* Dataset excerpt
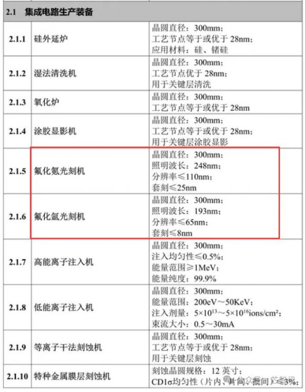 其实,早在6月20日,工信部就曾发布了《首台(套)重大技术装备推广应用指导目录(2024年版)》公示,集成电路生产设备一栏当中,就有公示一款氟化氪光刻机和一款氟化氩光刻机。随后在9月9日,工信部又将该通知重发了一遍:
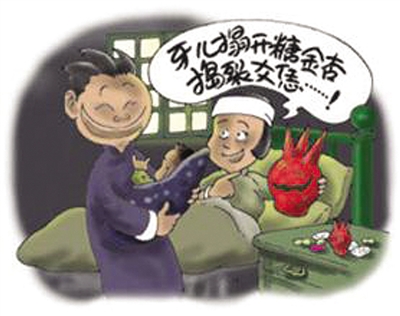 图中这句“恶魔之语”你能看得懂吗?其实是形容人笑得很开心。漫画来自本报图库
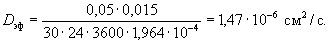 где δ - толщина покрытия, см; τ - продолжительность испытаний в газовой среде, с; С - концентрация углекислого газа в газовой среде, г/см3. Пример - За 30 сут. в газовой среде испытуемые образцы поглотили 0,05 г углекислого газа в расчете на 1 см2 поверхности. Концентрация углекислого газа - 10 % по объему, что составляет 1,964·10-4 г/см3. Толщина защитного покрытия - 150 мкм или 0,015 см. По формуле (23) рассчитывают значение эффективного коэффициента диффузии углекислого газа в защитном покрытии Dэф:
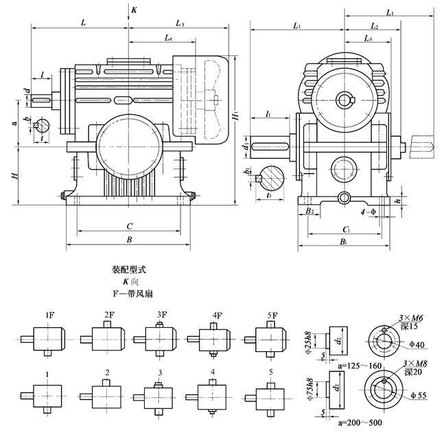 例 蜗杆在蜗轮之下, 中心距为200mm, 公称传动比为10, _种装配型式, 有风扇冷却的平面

* Exercise directions
Could you repeat all of the material exactly? Pictures should not be copied.

* Answer box
 其实,早在6月20日,工信部就曾发布了《首台(套)重大技术装备推广应用指导目录(2024年版)》公示,集成电路生产设备一栏当中,就有公示一款氟化氪光刻机和一款氟化氩光刻机。随后在9月9日,工信部又将该通知重发了一遍:
 图中这句“恶魔之语”你能看得懂吗?其实是形容人笑得很开心。漫画来自本报图库
 где δ - толщина покрытия, см; τ - продолжительность испытаний в газовой среде, с; С - концентрация углекислого газа в газовой среде, г/см3. Пример - За 30 сут. в газовой среде испытуемые образцы поглотили 0,05 г углекислого газа в расчете на 1 см2 поверхности. Концентрация углекислого газа - 10 % по объему, что составляет 1,964·10-4 г/см3. Толщина защитного покрытия - 150 мкм или 0,015 см. По формуле (23) рассчитывают значение эффективного коэффициента диффузии углекислого газа в защитном покрытии Dэф:
 例 蜗杆在蜗轮之下, 中心距为200mm, 公称传动比为10, _种装配型式, 有风扇冷却的平面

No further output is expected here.